Pendekatan hermeneutis berusaha untuk mengetahui aspek-aspek realitas dan menghubungkannya satu sama lain dan secara keseluruhan, dengan cara sistemik, holistik, atau struktural. Di bawah paradigma ini, teknik kualitatif digunakan untuk mendekati kenyataan sebagai wawancara, misalnya.

Dalam pendekatan hermeneutik, sains menggunakan sebagai metode teori beralas yang melibatkan pengumpulan data, menganalisis dan menyimpulkannya, kemudian kembali ke lapangan, mengumpulkan lebih banyak data dan, dalam proses siklik, membangun makna.

Sains dan prinsip-prinsipnya

Ilmu pengetahuan, dari pendekatan positivis, menanggapi dua tujuan: satu adalah untuk memberikan solusi dan menanggapi masalah dan yang kedua adalah untuk menggambarkan fenomena untuk mengendalikannya.

Mengenai prinsip-prinsip tersebut, ia menjawab dengan jelas dua hal: reproduksibilitas dan penolakan.

Yang pertama mengacu pada kemungkinan mengulang percobaan di mana saja dan pada siapa pun; yang kedua menerima bahwa semua hukum atau teori dapat disangkal melalui produksi ilmiah baru.

Ilmu pengetahuan, dari sudut pandang positivis, dicirikan dengan didasarkan pada alasan tanpa ruang untuk spekulasi; akurat, empiris, dan sistematis.

Itu menggunakan metode untuk mencapai kesimpulan, itu analitis dan ketika mencapai kesimpulan itu bisa dikomunikasikan dan terbuka.

Juga dalam perkembangan yang tak terbatas, itu adalah prediksi; dengan cara ini dimungkinkan untuk memulai proses ilmiah baru tentang pengetahuan yang diperoleh.

Sains: jalur menuju pengetahuan dengan metode

Begitu paradigma dunia yang diciptakan oleh para dewa hancur, jumlah manusia tergerak oleh rasa ingin tahu dan didorong untuk menemukan cara-cara baru untuk pengetahuan yang berlipat ganda..

Ketika Galileo Galilei ingin menunjukkan bahwa bumi bukanlah pusat alam semesta, tanpa menyadarinya, ia memberikan kehidupan dengan metode ilmiah. Dia mengamati fenomena yang membuatnya tertarik dan mencatat di buku catatannya.

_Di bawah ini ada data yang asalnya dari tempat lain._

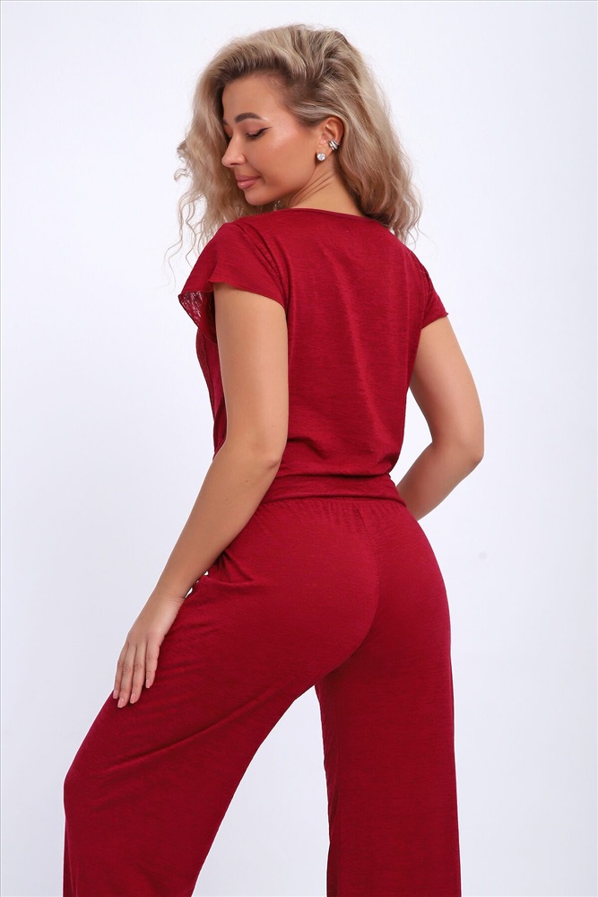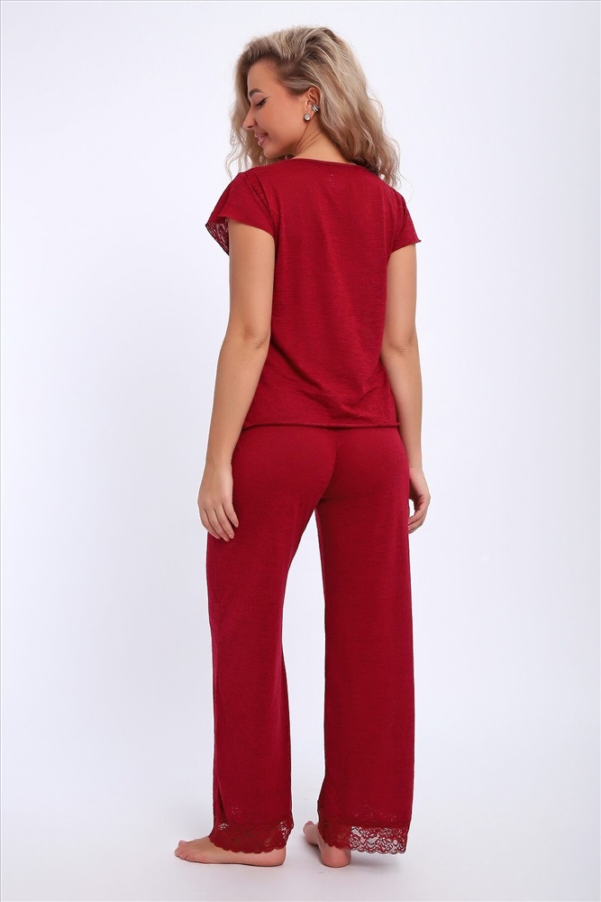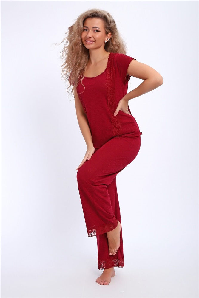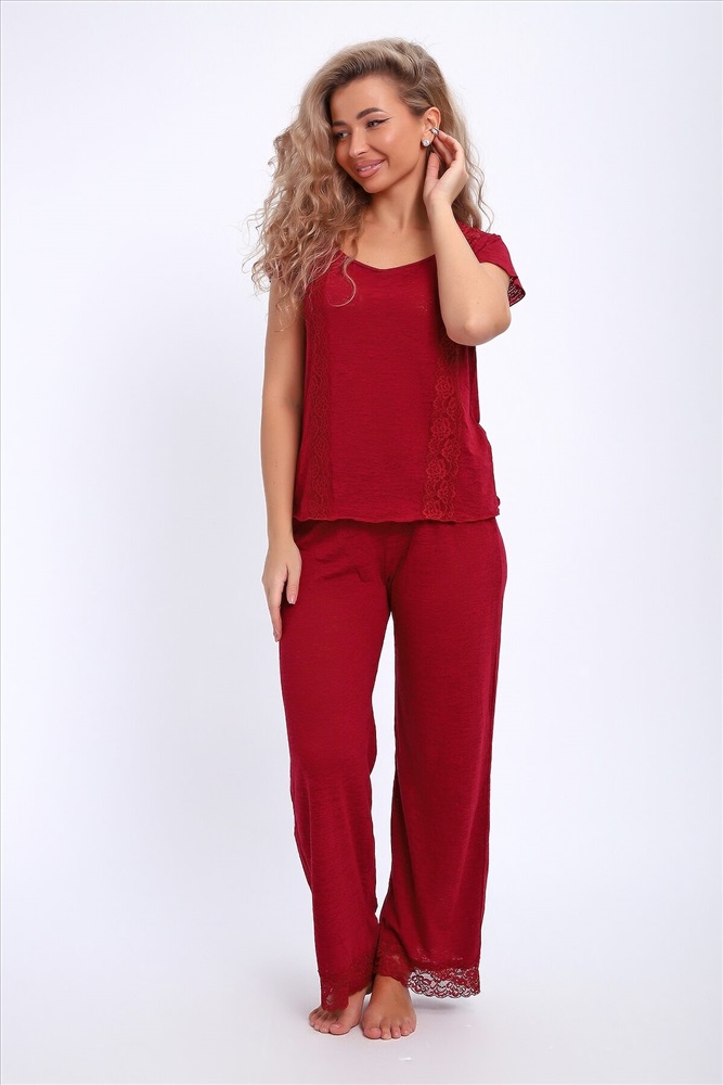 Пижама состоит из топа и брюк, оптимальной ширины. Выполнена из однотонного трикотажа с кружевом, что придает ей особый шарм и изысканность. Размеры варьируются от 42 до 56, что позволяет каждой женщине подобрать для себя идеальный вариант, подчеркнуть ее индивидуальность и сделать образ неповторимым. Топ свободного силуэта с короткими рукавами-крылышками декорирован вставкой полупрозрачного кружева в тон изделия. Низ брюк также обрамляет изящное кружево в тон. Данная пижама придется по вкусу всем, кто ценит комфорт, стиль и качество в одежде.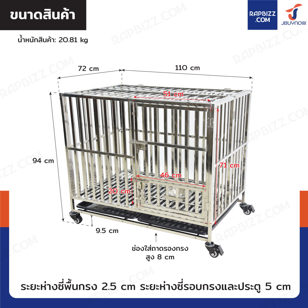 - ระยะห่างระหว่างซี่พื้นกรง: 2.5 cm

Kemudian dia menganalisisnya, menerapkan formula dan memeriksa hipotesis mereka sendiri. Ketika realitas terbukti bertepatan dengan hipotesis, itu menerapkan penemuannya pada fenomena baru, berusaha untuk menyimpulkan perilaku yang dengan demikian bisa menjadi hukum.

Dalam perjalanan pengamatan, eksperimen, dan upaya untuk menunjukkan pendapat ini, Sains kini diakui sebagai serangkaian teknik dan prosedur yang menggunakan instrumen yang dapat diandalkan untuk menunjukkan hipotesis mulai terbentuk..

Sains menggunakan metode deduktif hipotetis, yaitu, ia ingin menunjukkan hipotesis dengan menyelidiki dari masalah umum untuk menjelaskan yang khusus, kembali ke umum dan dengan demikian terus berlanjut tanpa batas dalam proses siklik.

Dan walaupun dimungkinkan untuk memikirkan metode-metode ilmiah yang berbeda, seseorang telah berdiri sejak zaman Renaisans, dengan René Descartes, hingga saat ini.

Referensi

  1. Castañeda-Sepúlveda R. Lo apeiron: suara Yunani klasik dalam sains kontemporer. Majalah Fakultas Ilmu. Volume 1, Nomor 2, hal. 83-102, 2012.
  2. Gadamer H. (1983). Hermeneutika sebagai filsafat praktis. Dalam F. G. Lawrence (Trans.), Alasan di zaman sains. (hal. 88-110)
  3. Dwigh H. Dialogues Mengenai Dua Ilmu Pengetahuan Baru. Galileo Galilei. American Journal of Physics 34, 279 (1966)
  4. Herrera R. et alt. (2010) Metode ilmiah. Jurnal Fakultas Kedokteran; Vol. 47, tidak. 1 (1999); 44-48
  5. Meza, Luis (2003). Paradigma positivis dan konsepsi dialektik pengetahuan. Majalah Matematika Digital, 4 (2), hal.1-5.